> PROBLEM:
The reply should hold only the lines from the one with "根据各大电商平台双11的统计" to the one with "内面/ふっ素樹脂塗膜加工、外面/セラミック塗膜加工 |", both ends kept, exactly as they appear below, without any pictures.
INPUT DATA: Begin
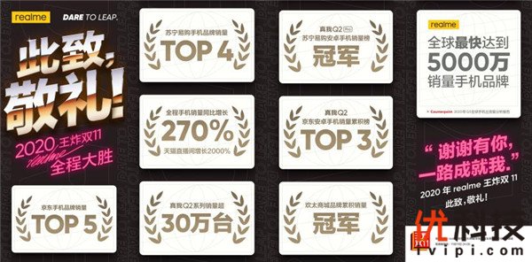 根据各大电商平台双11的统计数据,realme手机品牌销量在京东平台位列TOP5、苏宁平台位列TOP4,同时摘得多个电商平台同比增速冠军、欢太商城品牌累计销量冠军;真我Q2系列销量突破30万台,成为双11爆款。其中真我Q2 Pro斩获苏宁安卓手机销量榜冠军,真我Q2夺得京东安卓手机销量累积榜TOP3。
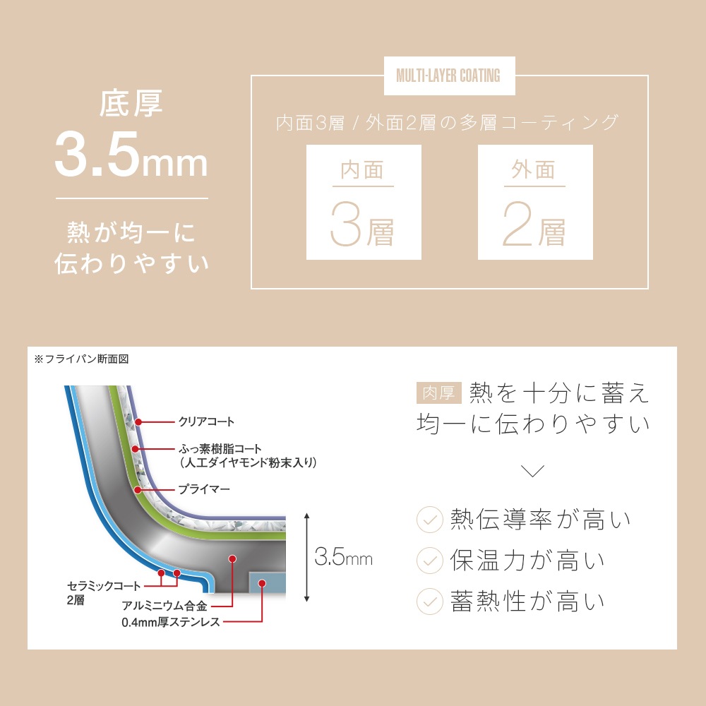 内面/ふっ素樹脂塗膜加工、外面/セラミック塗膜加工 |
INPUT DATA: End
INPUT DATA: Begin
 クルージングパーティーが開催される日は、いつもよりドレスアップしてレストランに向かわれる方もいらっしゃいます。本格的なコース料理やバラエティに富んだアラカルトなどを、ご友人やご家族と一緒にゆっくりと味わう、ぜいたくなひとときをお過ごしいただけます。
INPUT DATA: End
> THE COMPLETED TASK:
 根据各大电商平台双11的统计数据,realme手机品牌销量在京东平台位列TOP5、苏宁平台位列TOP4,同时摘得多个电商平台同比增速冠军、欢太商城品牌累计销量冠军;真我Q2系列销量突破30万台,成为双11爆款。其中真我Q2 Pro斩获苏宁安卓手机销量榜冠军,真我Q2夺得京东安卓手机销量累积榜TOP3。
 内面/ふっ素樹脂塗膜加工、外面/セラミック塗膜加工 |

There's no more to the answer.